Finance Minister Satsuki Katayama said Tuesday that Japan is prepared to take decisive action as the yen weakens against the U.S. dollar [1].
This warning comes as the Japanese government attempts to stabilize the currency market and prevent rapid fluctuations that could destabilize the national economy. The potential for direct intervention suggests the Ministry of Finance views the current level of depreciation as a threat to economic stability.
During a press conference in Tokyo on June 9, 2026, Katayama addressed the ongoing slide of the yen. The currency has been trading in the 160 yen range per U.S. dollar [1], with some reports indicating it has reached the upper end of that range [2]. Other data confirms the rate has exceeded 160 yen [3].
Katayama has previously mentioned the possibility of intervention to deter speculators. In her remarks today, she said that the government remains committed to its stance of taking strong measures to protect the currency's value.
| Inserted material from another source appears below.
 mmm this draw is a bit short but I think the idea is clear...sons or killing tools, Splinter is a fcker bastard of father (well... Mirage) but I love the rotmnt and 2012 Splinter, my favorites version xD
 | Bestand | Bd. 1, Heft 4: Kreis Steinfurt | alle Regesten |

"In this situation, it remains unchanged that we are prepared to take decisive measures more and more," Katayama said [1].
The minister indicated that the window for such action is narrowing. She said that the timing for implementing these measures is approaching [2].
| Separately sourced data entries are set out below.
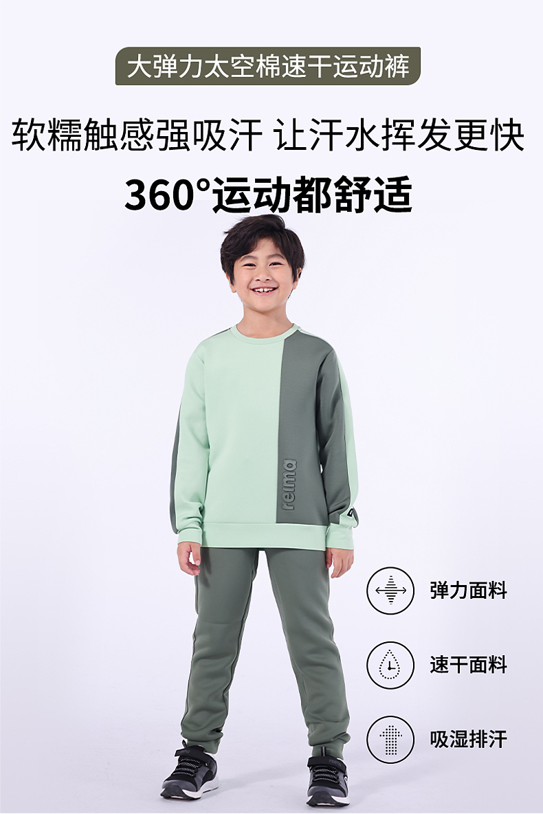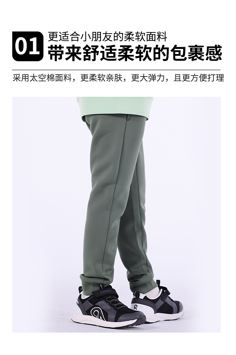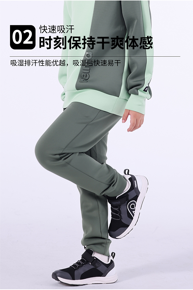 reima儿童大童吸湿速干束脚长裤子秋款太空棉弹力运动裤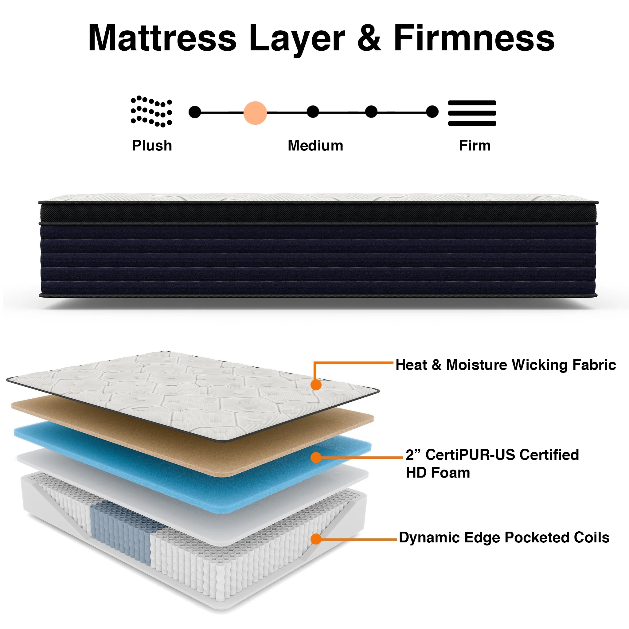 Glavbiku Twin Size Hybrid Mattress, 14" Premium Mattress for Bedroom,Waterfall-Top, Medium,Adult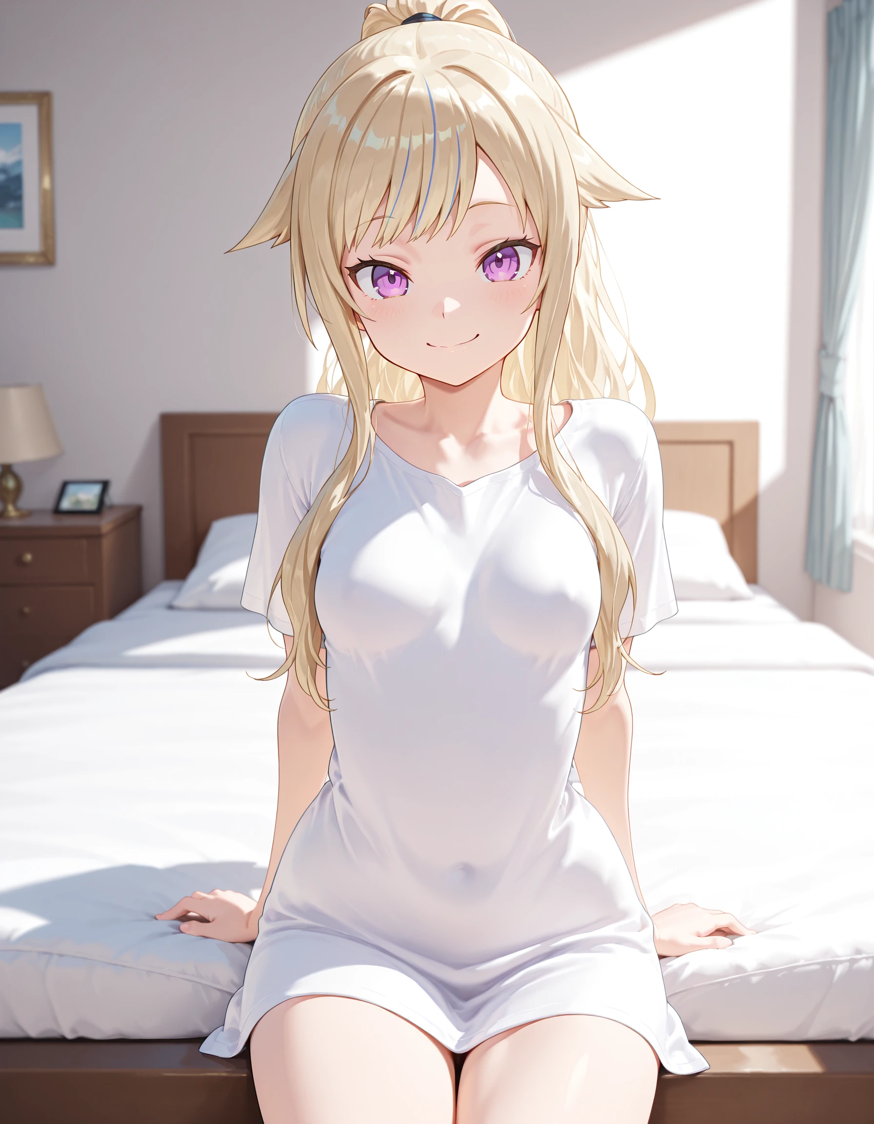 suzuki hina, blonde hair, long hair, streaked hair, hair flaps, purple eyes, skinny, small breasts, hat, beret, blue thighhighs, blue crop top, fingerless gloves, midriff, single thighhigh, sleeveless, suspender shorts, thigh straps, belt, pouch, armband, sash, bootsYou can also add her rarely-seen cape version outfit by including: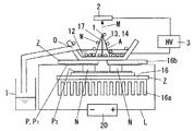 また図4に示す静電霧化装置Aの例では、ペルチェユニット16の放熱部16aと冷却部16bとを備えた水供給手段が設けてある。ペルチェユニット16は、熱伝導性の高いアルミナや窒化アルミニウム等からなる絶縁板Zの片面側に回路を形成してある一対のペルチェ回路板P(P1,P2)を、互いの回路側が向かい合うように対向させ、多数列設してある熱電素子Nを両ペルチェ回路板P(P1,P2)間で挟持すると共に隣接する熱電素子N同士を両側の回路で電気的に接続させ、ペルチェ入力リード線Lを介してペルチェユニット用電源20にてなされる熱電素子Nへの通電により一方のペルチェ回路板P1側から他方のペルチェ回路板P2側に向けて熱が移動するように設けたもので、前記一方のペルチェ回路板P1を冷却部16bに接続すると共にペルチェ回路板P2を放熱部16aに接続する。本例では図4に示すように、ペルチェ回路板P2を設けた絶縁板Zを放熱部16aとしての放熱フィンに接続すると共にペルチェ回路板P1を設けた絶縁板Zを後述する冷却部16bに接続するものである。

"I have mentioned 'decisive measures' before, and now the timing for taking those decisive measures that I have mentioned is approaching," Katayama said [3].
Japan's approach to currency intervention typically involves buying yen and selling dollars to prop up the value of the local currency. This strategy is often used when the government believes the exchange rate is moving at a pace that does not reflect economic fundamentals, a move intended to signal a hard floor to the market.
“"In this situation, it remains unchanged that we are prepared to take decisive measures more and more,"”
The Japanese government is signaling a high probability of market intervention to stop the yen's slide. By explicitly stating that the timing for 'decisive action' is approaching, the Finance Minister is attempting to trigger a psychological reversal among traders. If the yen continues to weaken despite these warnings, the Ministry of Finance may execute a direct currency intervention, which could lead to short-term volatility in global forex markets.